FM transmitter with RDS on Raspberry Pi

Pi-FM-RDS is an FM radio transmitter equipped with RDS, running on Raspberry Pi. The GirHub downloadable program is responsible for generating a frequency modulated (FM) waveform with encoded RDS data (data transmission system with audio transmission). All this works in real time and is able to work with both mono and stereo audio signals.

The circuit is based on an FM transmitter created by Oliver Marros and Oskar Weigl, to which Richard Hirst later added DMA support, and Christophe Jacquet a generator and RDS modulator. The transmitter uses a PWM signal generator built into the Raspberry Pi for operation.

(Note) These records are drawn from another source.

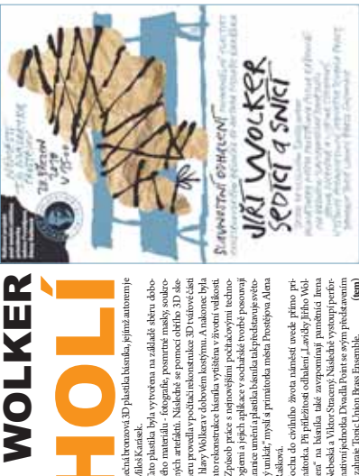
PROJEKT WOLKER VRC HOLÍ ... jaký byl koncert Jarka Nohavici... ... jaký byl koncert Jarka Nohavici... ... jaký byl koncert Jarka Nohavici...
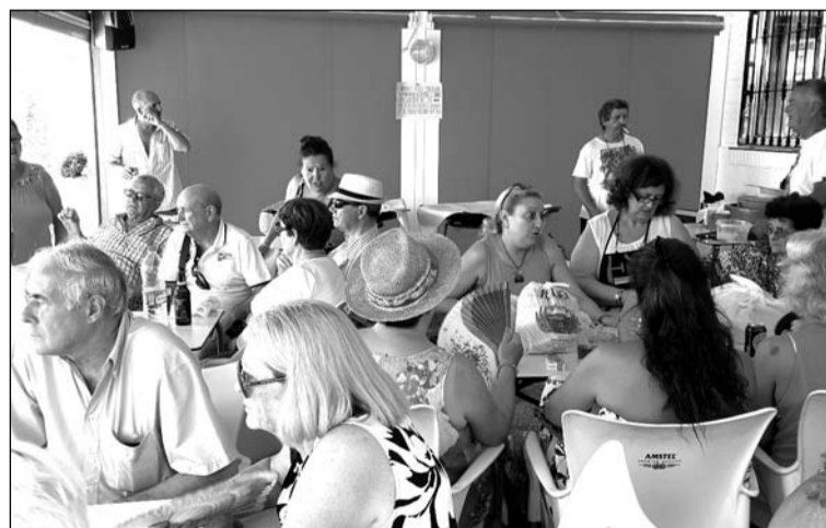
Numerosos socios se dieron cita en la sede de la entidad.
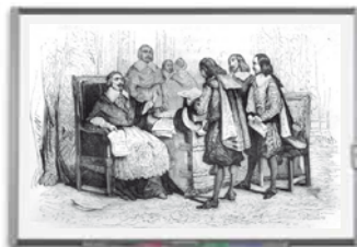
Document 16 : établissement de l'Académie française (1635)
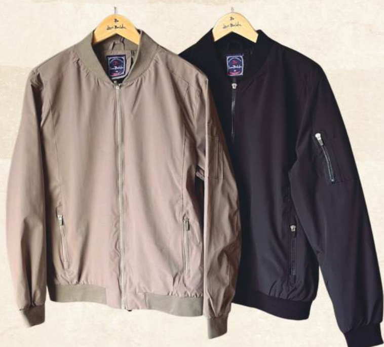
JAQUETA SOFT BROKS R$ 499,90

Arraial com estilo é aqui. Venha conferir!

This software is compatible with Raspberry Pi 1 version 1, 2 and 3.

Warning!

This software is developed and distributed for training purposes only. The system should not be used as part of the mediacenter, FM broadcasting may be illegal.

Using

Pi-FM-RDS uses the sndfile library. To install it on every machine with the Debian family system (e.g. Raspbianie) just type in the terminal:



The program also depends on Linux rpi-mailbox drivers, so you need a fairly fresh Linux kernel. Basically everyone after August 2015 should have this driver in them.

attention

Binaries compiled on Raspberry Pi 1 are not compatible with machines in version 2 and 3. Always recompile the sources after changing the hardware platform (command make clean in the description below).

We start the installation by cloning the sources from the repository and we can compile:



And then we can start our transmitter:



Without additional parameters, the system will start FM transmission at 107.9MHz, without audio, with the default RDS data: station name (PS), radio text (RT) and PI code. The signal is sent on pin GPIO 4, i.e. pin 7 on the output from RPi.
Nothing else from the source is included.